The Company also announced that Institutional Shareholder Services, Inc. (ISS), a wholly-owned subsidiary of RiskMetrics Group, Inc., one of the nation's leading proxy advisory firms, has recommended that Aastrom shareholders vote "FOR" all of the proposals included in the definitive proxy at the Annual Meeting of Shareholders scheduled for December 14, 2009.


NASDAQ Hearings Panel Grants Exception Period to Aastrom Based on Request to Remain Listed on the NASDAQ Stock Market

As you can see, you must have a proxy in place with a vote scheduled before hearing for panel to see that management is serious about meeting the $1 minimum bid.

Example #2

On August 29, 2016, the Company requested a hearing before the Panel to appeal the Previous Letter in accordance with Nasdaq rules and as stated in the Previous Letter, and the hearing was held on October 13, 2016. At the hearing, the Company asked that the Panel continue its listing through December 31, 2016, to allow it to close the previously announced merger of its wholly-owned subsidiary, New Haven Labs Inc., with Precipio Diagnostics, LLC (the "Merger"), which the Company expects to result in a combined entity that will meet all initial listing standards for the Nasdaq Capital Market; however, the Company noted that it will need to effectuate a reverse stock split to ensure compliance with the Minimum Bid Price Requirement.

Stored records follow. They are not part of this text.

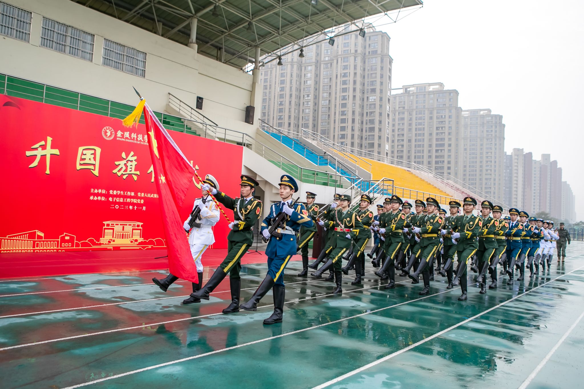 7点30分,升国旗仪式正式开始。国旗护卫队迈着整齐有力的步伐护送国旗至升旗台。在雄壮的国歌声中,鲜艳的五星红旗冉冉升起,师生齐唱国歌。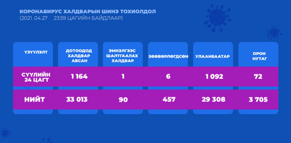 ЭМЯ-ны хэвлэлийн төлөөлөгч Б.Ууганбаяр:Сүүлийн 24 цагт улсын хэмжээнд 11381 хүнд шинжилгээ хийхэд 1171 хүнд коронавируст халдвар илэрлээ. Ингэснээр Монгол Улсын хэмжээнд нийт батлагдсан халдварын тохиолдол 33608 болсон байна.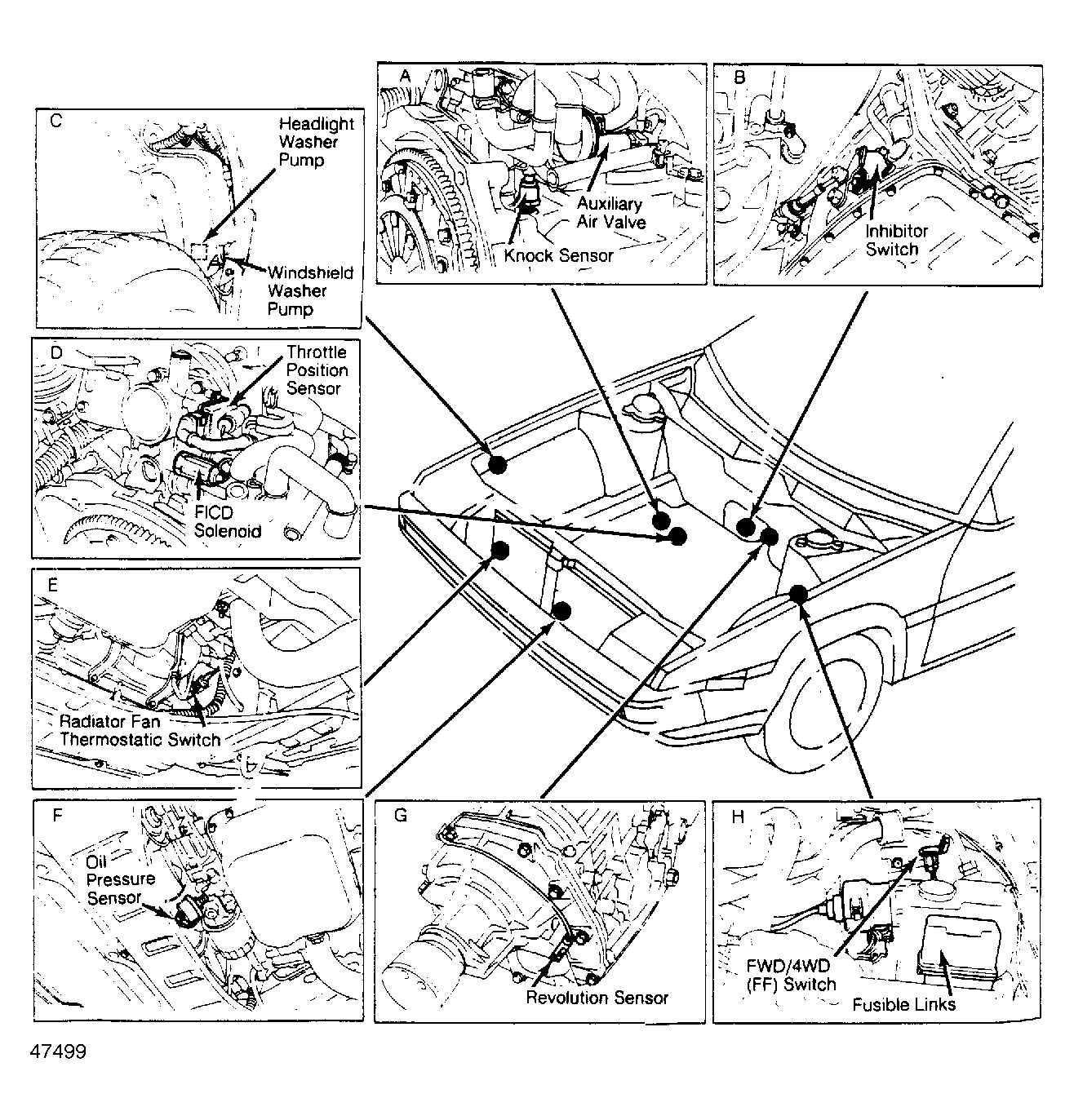 | Fusible Links | On left fender panel, in front of strut tower. See Figure . |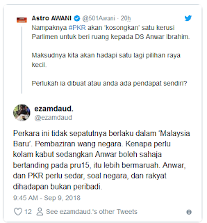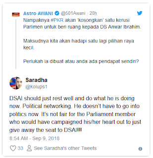 Sengaja mengosongkan kerusi untuk memberi laluan kepada Anwar merupakan tindakan yang bersifat tidak menghormati pemenang yang dipilih secara adil oleh rakyat, kata netizen.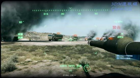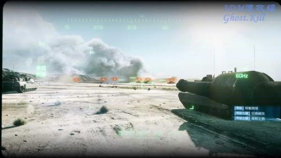 第一批坦克干掉后尘土对面又来了几辆坦克,按C切换成热成像模式,可以隔着尘土看到敌人坦克, 也可以看到敌人的炮弹,虽然基本躲不开。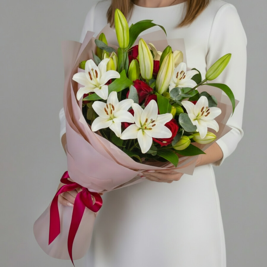 Крупные бутоны цветов наделяют помещение светом и наполняют невероятным уютом. Сочетание белых и красных цветов внушает трогательные чувства и нежные грезы, а так же поселит праздник в вашем сердце.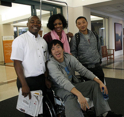 休斯敦當(dāng)?shù)貢r(shí)間6日11點(diǎn),教練孫海平和田管中心副主任馮樹勇率先走出了赫曼紀(jì)念醫(yī)院,而孫海平的手上還提著一副拐杖,那本來是劉翔手術(shù)后用來輔助行走的。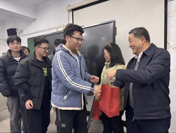 随后,雷儒金还现场为考研的同学们送上考研慰问品,为备考学子送上了慰问和祝福。同学们纷纷表示,将牢记学校领导的关心和嘱托,积极调整好心态全力以赴,不辜负学校和老师们的期望。(通讯员:方金玉)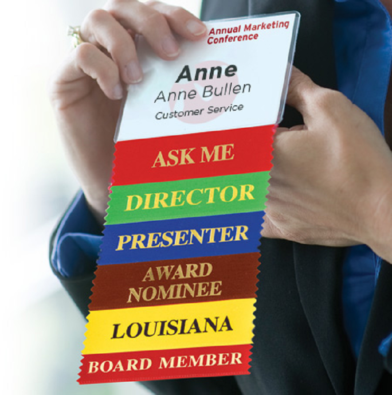 Cintas de credenciales horizontales apilables de poliéster personalizadas, placas con nombre autoadhesivas para conferencias, impresión offset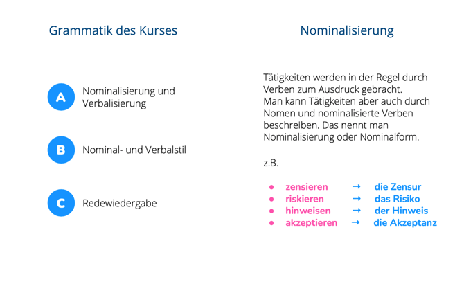 Book contents: - Business German - Studying in Germany - Grammar: Nominalisierung, Verbalisierung, Nominal- und Verbalstil, Redewiedergabe - Vocabulary: Universität, Wirtschaft, Business Deutsch, Technologie, Dialekt, Jugendsprache - German learning tips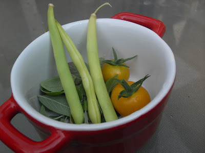 food - outdoors first fruits July 15, 2012 - By Heather We’ve been eating lettuce and using fresh herbs for several weeks now, but this is the first of the yellow beans and the first of those delicious sugary tomatoes!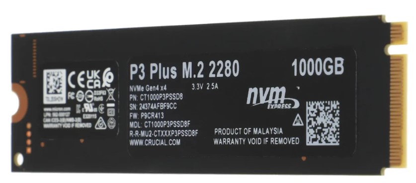 Накопитель SSD 1Tb M.2 2280 Crucial P3 Plus NVMe PCIEx4 (CT1000P3PSSD8)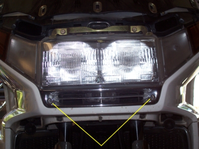 There is a screw on each end of the front chrome trim. It is located under the mirror rubber boot. So starting with the mirrors, loosen the rubber boot from the bezel and then remove the bezel. You might be able to work the bezel around and remove the needed screw with out removing the bezel, however, I have enough chips and scratches in mine, so I removed it.|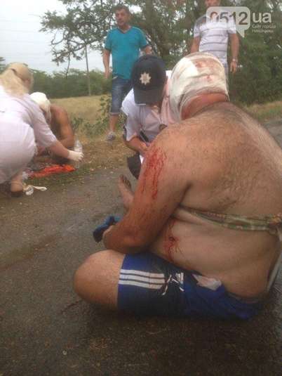 Унаслідок нападу пасажир автомобіля та водій отримали травми невідомої ступеня тяжкості. Їх «швидка» доставила до лікарні в Миколаєві.
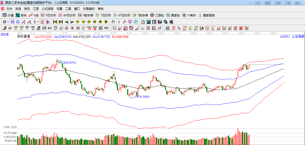 極反通道提示:指數(shù)高開一路震蕩上行,關(guān)注外軌線2242點(diǎn)阻力。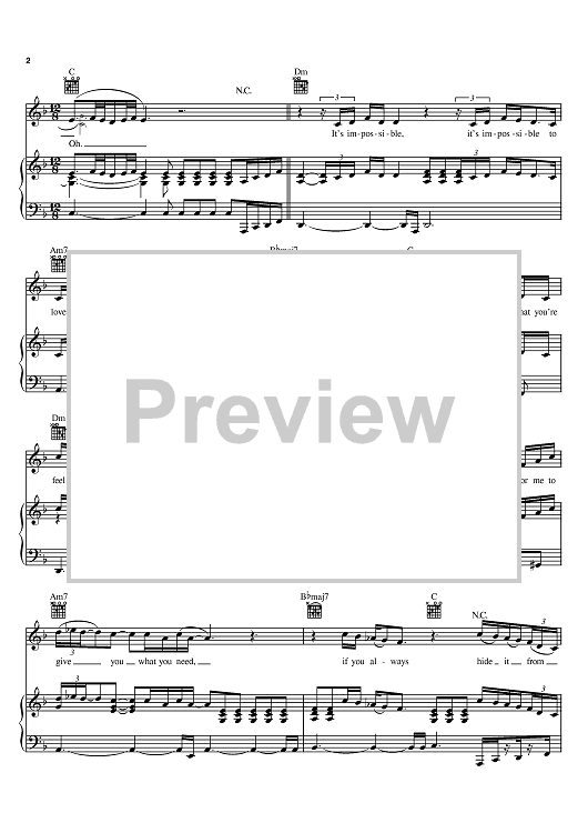 Digital Sheet Music for Impossible by Alicia Keys, Christina Aguilera scored for Piano/Vocal/Chords; id:371048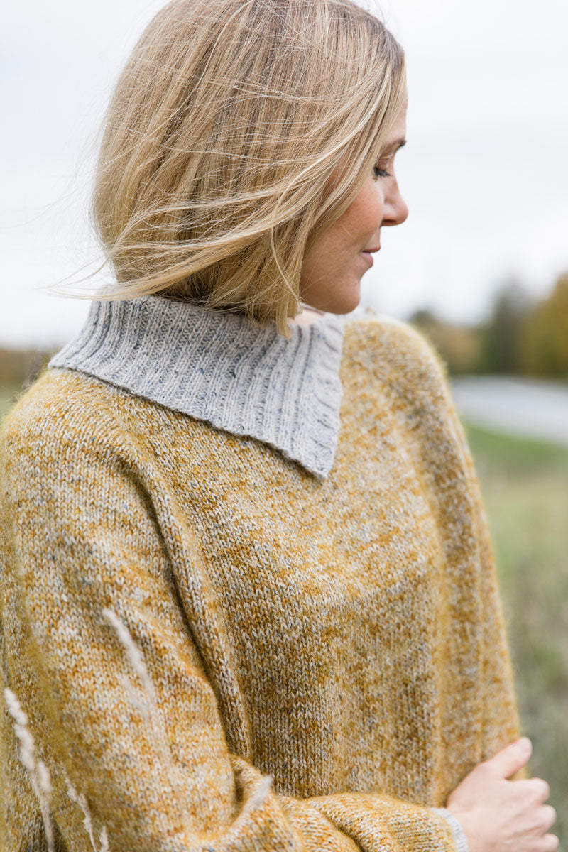 “The knits came to life in Ekkulla, the old schoolhouse that Ninni and Rafael Donner have lovingly restored. The soft October light, large oak trees and our beautiful model, Virpi, made the photoshoot day truly memorable.”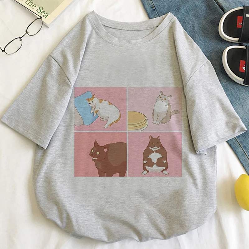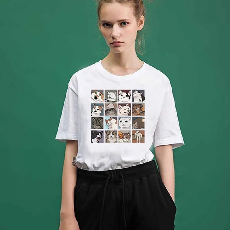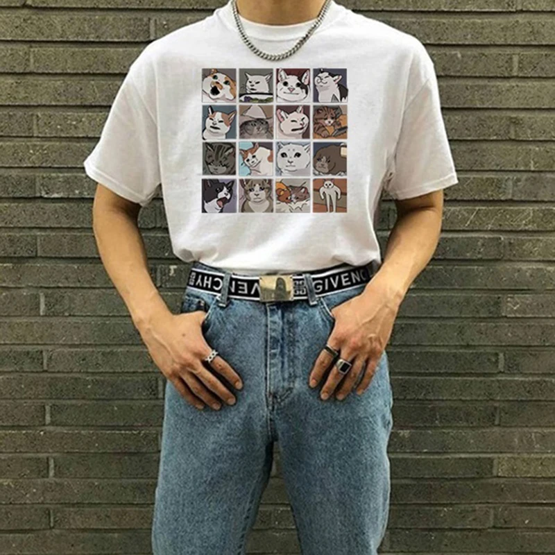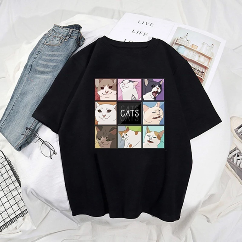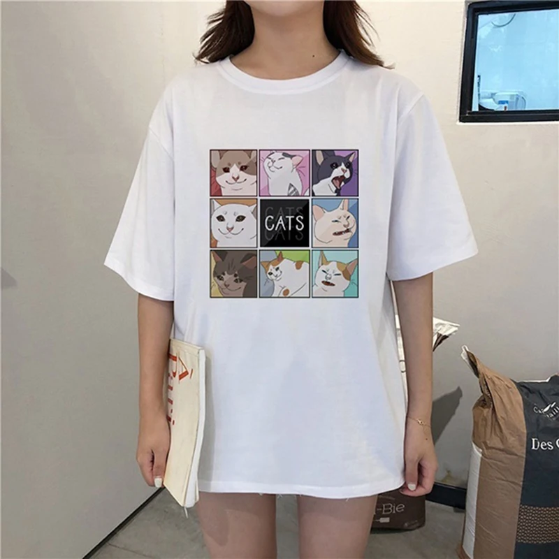 Летняя футболка Ulzzang с мультяшным хиппи смайликом кавайным котом Женская Футболка Harajuku, винтажная Свободная Женская футболка с коротким рукавом, одежда
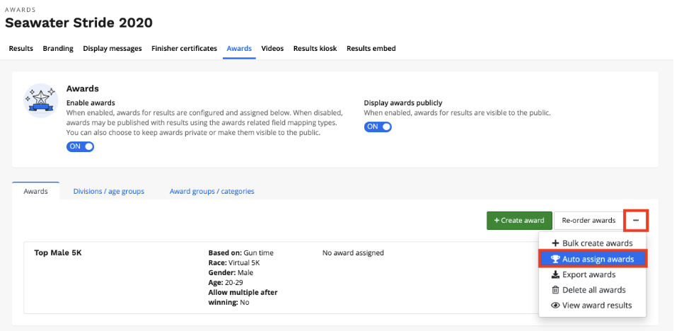 7. When you're ready to assign awards after creating your award(s), return to the Awards overview page and click the three-dotted action button and select Auto-assign awards.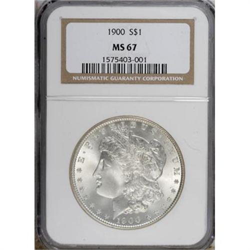 <B>1900 $1 MS67 NGC.</B></I> Glowing luster adorns both sides of this gorgeous untoned Superb Gem, and minimally abraded surfaces are in concert with the grade designation. A well directed strike left sharp definition on the design elements, including the eagle's breast feathers, an area that is often weak on this issue. Census: 28 in 67, 0 finer (6/07).<BR><BR><B>Coin Engraver:</B> George T. Morgan<BR><BR><b>Shipping:</b> Coins & Currency (<a target="_blank" href="http://www.heritageauctions.com/common/shipping.php">view shipping information</a>\)

Based on the plan presented by the Company at the hearing, the Panel issued the Letter granting the Company's request for continued listing on Nasdaq until December 31, 2016, subject to the following conditions:

1. On or before November 15, 2016 the Company must report to the Panel, in writing, regarding the status of the reverse stock split, the filing of a definitive proxy for the Merger, and any feedback received from the Staff regarding the prospects of the application of the post-merger entity for listing on the Nasdaq Capital Market.

2. On or before December 31, 2016, the Company must have closed the Merger and gained approval from the Staff for listing of the post-merger company on the Nasdaq Capital Market.


TRANSGENOMIC INC : Notice of Delisting or Failure to Satisfy a Continued Listing Rule or Standard; Transfer of Listing, Submission of Matters to a Vote of Security Holders (form 8-K)e

Example #2 adds in the element of a merger into the equation mostly because valuation of TBIO is below the minimum requirement. The purpose of this example is to show what NASDAQ panel will be looking for.
As i said above hearing take place within 45 days of request of hearing. Assuming buyout is announced after August 1st and before hearing date, Amedica will need to maintain listing as the completion process takes 45-60 days. Even announced mergers run into roadblocks as TBIO experienced so RS must be a backup in case of that event. Obviously TBIO had 2 conditions it had to meet and because merger did not happen in time they were delisted.

Transgenomic Provides Update On Its Planned Merger And Reports Change in Listing Status

NASDAQ will require that either a RS is effectuated by such and such date or that the merger completes within the designated timeframe. Reverse split is absolutely a backup plan in this scenario!